Further investigation reveals that the boundary conditions have an effect on the vertical distribution of relative humidity, and the single control variables were set as the initial value of relative humidity at the boundary, the initial temperature, and the initial ground pressure. The experimental results show that the initial relative humidity value can roughly determine the numerical range of the entire layer of the relative humidity profile, which can be mutually confirmed by fitting the entire layer of atmospheric water vapor content to the ground water vapor pressure [43]. The initial temperature affects the change rate of specific humidity with height, and the specific humidity profile shifts to the large-value area by about 0.15 g/kg for every 1 °C decrease in temperature. The smaller the sea-level pressure, the bigger the change rate of specific humidity with height, although its sensitivity is poorer than the initial value of temperature and humidity.
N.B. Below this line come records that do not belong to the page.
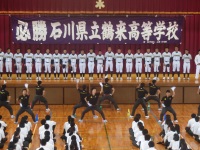 今日は6限目にインターハイに出場する柔道部と、今週末から夏の甲子園に向けて石川大会が始まる野球部の壮行式が行われました。学校長や生徒会長の激励のあいさつの後、ラグビー部応援団による息の合った演舞が行われました。暑い体育館の中でしたが、一般生徒も一緒になって校歌を3題歌い上げました。各部代表挨拶では、どちらの部も勝利への意欲を語ってくれました。全校で健闘を祈っています。
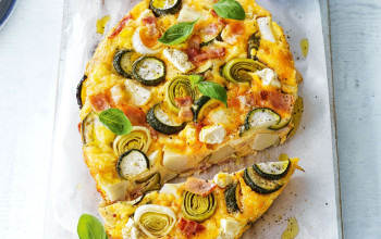 Cheesy Vegetable and Bacon Frittata Made with Egg Whites
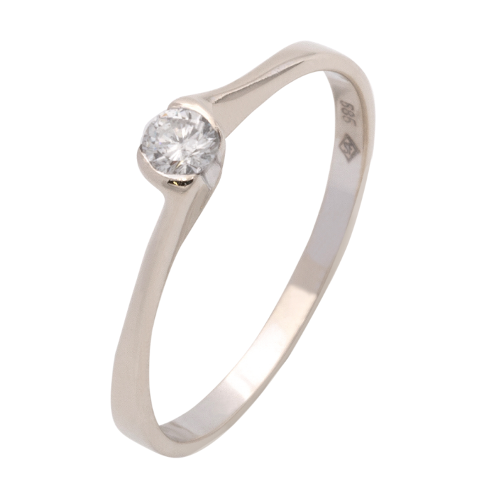 Mittig funkelt ein Brillant von 0,15 ct in einer Art Spannfassung, welche seitlich offen ist.

2.3. WPR-HW [27], Method of Horizontal Wind Inversion

Sounding data reflect not only the local temperature and humidity structure, but also the dynamic properties. Real-time and accurate horizontal wind field data are required for the construction of FAS. As wind profile radar receives both atmospheric turbulence echo and precipitation particle scattering echo during precipitation, it is difficult to extract turbulence information from the power spectrum of the superposition of the two signals, resulting in a severe lack or distortion of the horizontal wind field data displayed by wind profile radar during precipitation [44]. This means that continuous and true horizontal wind field data cannot be provided.

WPR-HW [27] collects turbulence signals for the inversion of a horizontal wind field based on the idea of wind-profile radar detection technology and the power spectrum characteristics of different kinds of weather. WPR-HW’s processing object is power spectrum data. First, the number and position of peak signals in each beam’s power spectrum are automatically recognized. The turbulence spectrum is then automatically recognized and retrieved from the signal spectrum of symmetrical beams based on the criteria that the turbulence spectrum is symmetrical around the east–west (north–south) beams. Finally, using the recovered turbulence spectrum and the wind synthesis method, the horizontal wind field is generated. When compared to the European Centre for Medium-Range Weather Forecasts’ (ECMWF’s) reanalysis data, the trustworthiness of the horizontal wind field after WPR-HW quality control is confirmed, and its timeliness and efficacy fulfill the requirements of FAS construction.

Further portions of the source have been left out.